* [Exercise goal]:
Starting at the line that contains "ぽこぽこした表面感が可愛いニットカーディガン!", write out every line through the end of the records exactly as it stands, and leave out all pictures.

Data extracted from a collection

== Segment start ==

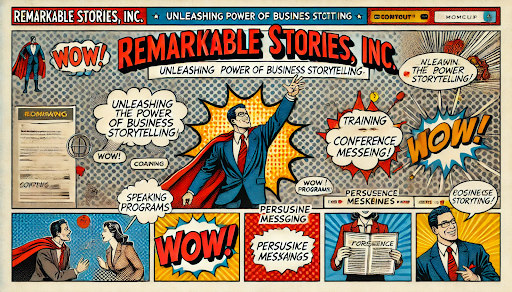 CHatGPT Prompt: Create a mockup image of a comic-book themed website for the Remarkable Stories, inc. business communication consultancy. Use Silver Age Marvel comics as a reference. The business offers coaching, training, and speaking programs that help organizations deliver presentations and pitches, craft persuasive messaging, and map out their brand stories. Conference keynotes on business storytelling are also offered.
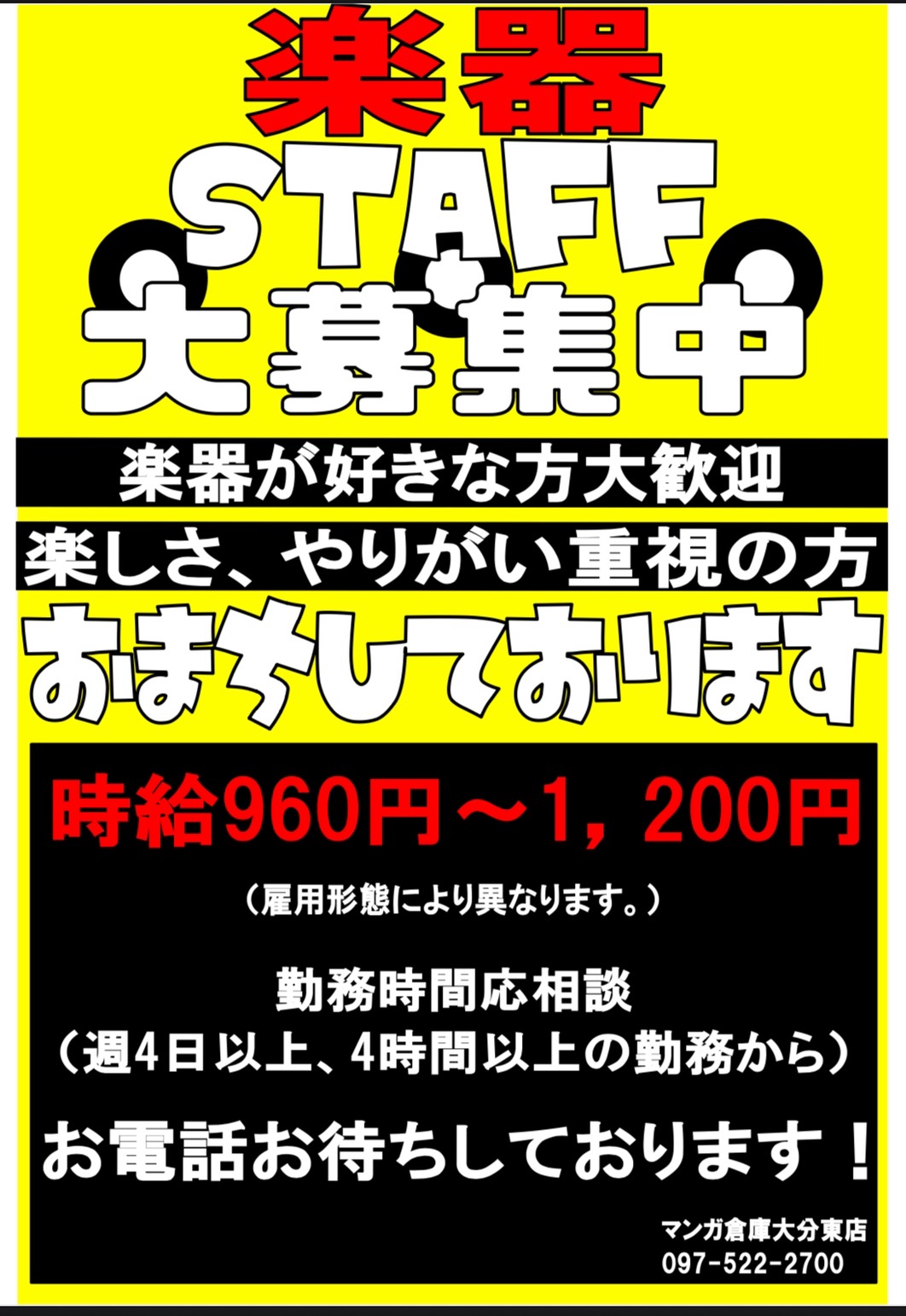 2025.10.24 楽器 takalab_2 【楽器担当募集!!】 【楽器担当募集!!】 今回マンガ倉庫大分東店では楽器担当を募集中! 楽器が好きな方! 楽しさ•やりがい重視の方! を募集しています! 週4以上、4時間以上の勤務ができる方ご連絡お待ちしております! LINEで募集すると枠が一気に埋まる場合もありますのでお早めのご連絡お待ちしてます! 応募の際楽器担当募集のLINEを見ましたと伝えていただけると受付がスムーズです。 ご連絡お待ちしております! コメントを残す コメントをキャンセルメールアドレスが公開されることはありません。 ※ が付いている欄は必須項目ですコメント ※ 名前 ※ メール ※ サイト 新しいコメントをメールで通知 新しい投稿をメールで受け取る Δ
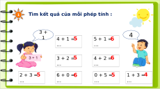 Tìm kết quả của mỗi phép tính : 5 1 3 + 4 1 4 + 1 = 5 5 + 1 = 6 … … 3 + 2 = 5 4 + 2 = 6 … … 2 + 3 = 5 6 + 0 = 6 0 + 5 = 5 1 + 3 = 4 … … … …
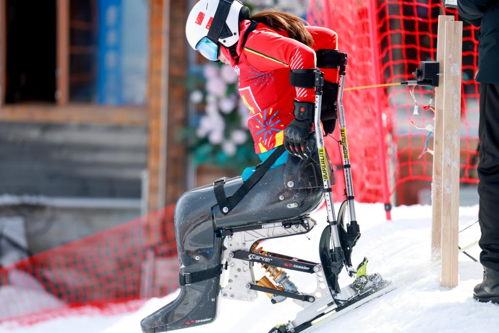3月5日,遼寧省代表隊選手劉思彤在女子滑降坐姿組比賽中。當(dāng)日,中華人民共和國第十二屆殘疾人運動會暨第九屆特殊奧林匹克運動會(簡稱“全國殘?zhí)貖W會”)高山滑雪比賽在烏魯木齊拉開帷幕。新華社記者 王菲 攝
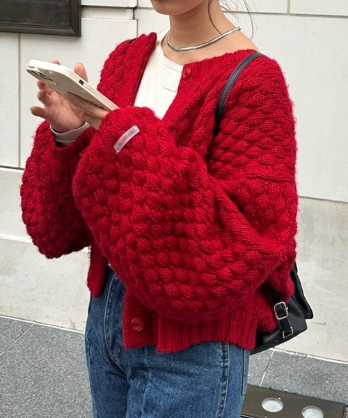 ぽこぽこした表面感が可愛いニットカーディガン!
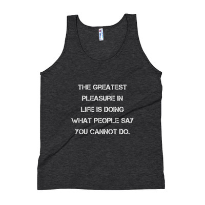 quick view American Apparel The greatest pleasure in life is doing what people say you cannot do. - American Apparel - Unisex Soft Tri-Blend Tank PRINT-43014 MSRP: $26.99 bTR408W Unisex Soft TriBlend Tank/bbr/This tank features a loose drape, perfect for the summer heat or for layering Its made of an ultrasoft triblend fabric br/ 50 Polyester/25 Cotton/25... Add to Wish List Add to My Wish List Create New Wish List
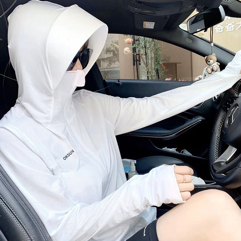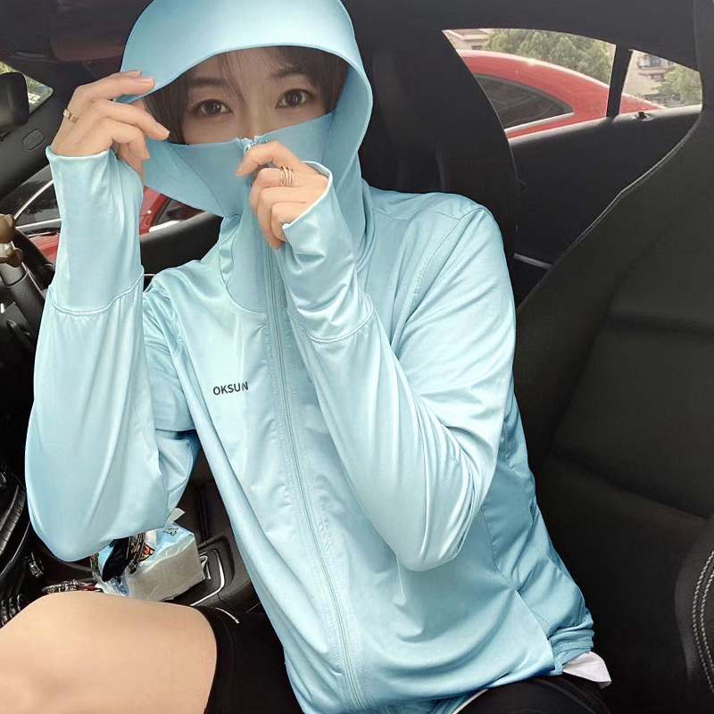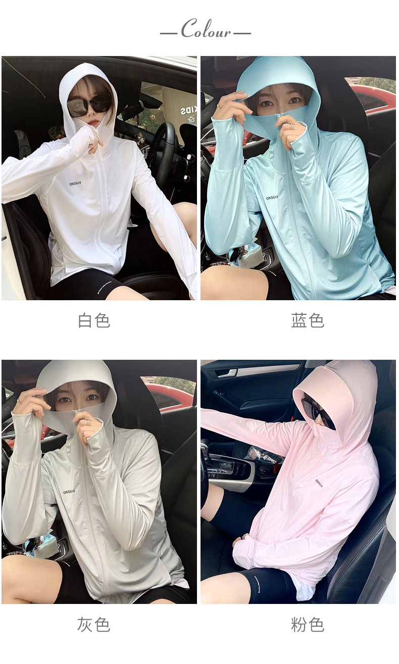 冰絲夏季防曬衣女薄外套2023新款長袖罩衫開衫連帽透氣騎車防曬服

== Segment end ==

* [Solution below]:
 ぽこぽこした表面感が可愛いニットカーディガン!
 quick view American Apparel The greatest pleasure in life is doing what people say you cannot do. - American Apparel - Unisex Soft Tri-Blend Tank PRINT-43014 MSRP: $26.99 bTR408W Unisex Soft TriBlend Tank/bbr/This tank features a loose drape, perfect for the summer heat or for layering Its made of an ultrasoft triblend fabric br/ 50 Polyester/25 Cotton/25... Add to Wish List Add to My Wish List Create New Wish List
 冰絲夏季防曬衣女薄外套2023新款長袖罩衫開衫連帽透氣騎車防曬服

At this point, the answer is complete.